With vaping, I get the nicotine I so craved, but without the other junk. The effect feels different, but still very good. For me the effect is better. My body is much happier without the other stuff that cigarettes were delivering. I mentioned before that it was hard to track when you are done with vaping compared with smoking as when you smoke a cigarette, you reach the end of the cigarette and you are done. I’ve gotten better with this with vaping. It is more reliant on listening to your body. I found I had to slow down a bit to let the nicotine enter my bloodstream. What is nice, is now that I have an idea of what ‘satisfied’ feels like, I haven’t overdone it on the nicotine. Sometimes, it is just two or three hits. Other times, it is more.

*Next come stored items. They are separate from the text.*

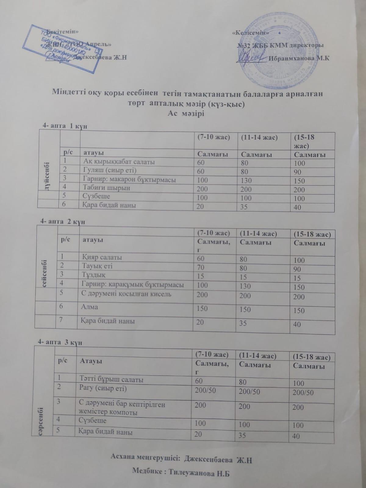 КММ №32ЖББМ-тің оқушыларға тегін тамақтануға арналған тағам мәзірі,4апта.Меню блюд для организаций бесплатного питания обучающихся В КГУ ОШ №32 4-неделя
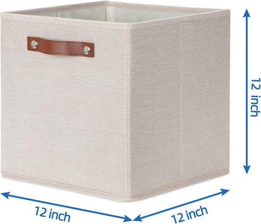 Temary 11x11 Storage Cubes Fabric Storage Cubes Storage Bins with Dual Leather Handles Canvas Storage Boxes for Organizing Home, Shelf, Closet (Beige, 11 x 11 x 11)
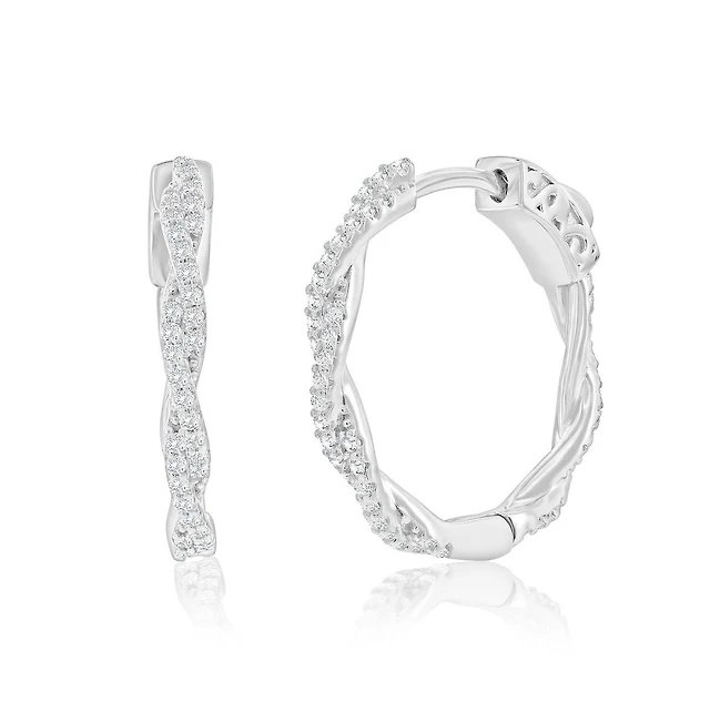Diamond Swirl Hoop Earrings (1/10 ct. t.w.) in Sterling Silver

Initially, I purchased two flavours of juice: watermelon and chai. I kind of regret the watermelon now. That must have been the kid in me picking that one out. The Chai is really nice. I find the flavour complements the bite of the nicotine better than the watermelon. I don’t know that I will finish the watermelon as I decided after vaping it for a few days that I didn’t like it very much. I could probably vape chai forever. I have since picked up another two flavours: one that tastes like a strawberry milkshake, smooth and creamy, but not to sweet and another that tastes lightly of peaches but again not too sweet.

I’m also slowly starting to come out with my vaping. It is hard because smoking, for the most part, is always something I hid. Sure, I smoked socially in very specific situations, but nobody would ever call me a regular smoker. What I am finding works best is just telling the truth to people. That I started closet smoking again (truth), did not want to continue smoking cigarettes or hiding (truth),  I’m not ready to live without nicotine in my life (truth) and I am using vaping as a harm reduced way of ‘smoking’ without actually smoking. I’ve only told one friend so far and they were pretty accepting. I suspect I’ll get a variety of reactions and that some people will want me to quit.

While I recognize that it would be better to not  be addicted to a substance and that abstinence would probably be healthier as while vaping is less harmful, it still isn’t clear what the level of risk is. The only thing that is known is that the level of risk is much lower than smoking. I know that I would have continued to find ways of justifying my smoking because I was smoking so little. Because I was smoking so little, it was easy to delude myself into thinking I wasn’t addicted.

I’m interested and excited to see where things go from here. Right now, I’m glad to have found vaping as it has freed me from the cycle of conflicted feelings I had when indulging in smoking cigarettes, something I couldn’t seem to stop myself from doing despite all of my negative feelings about it.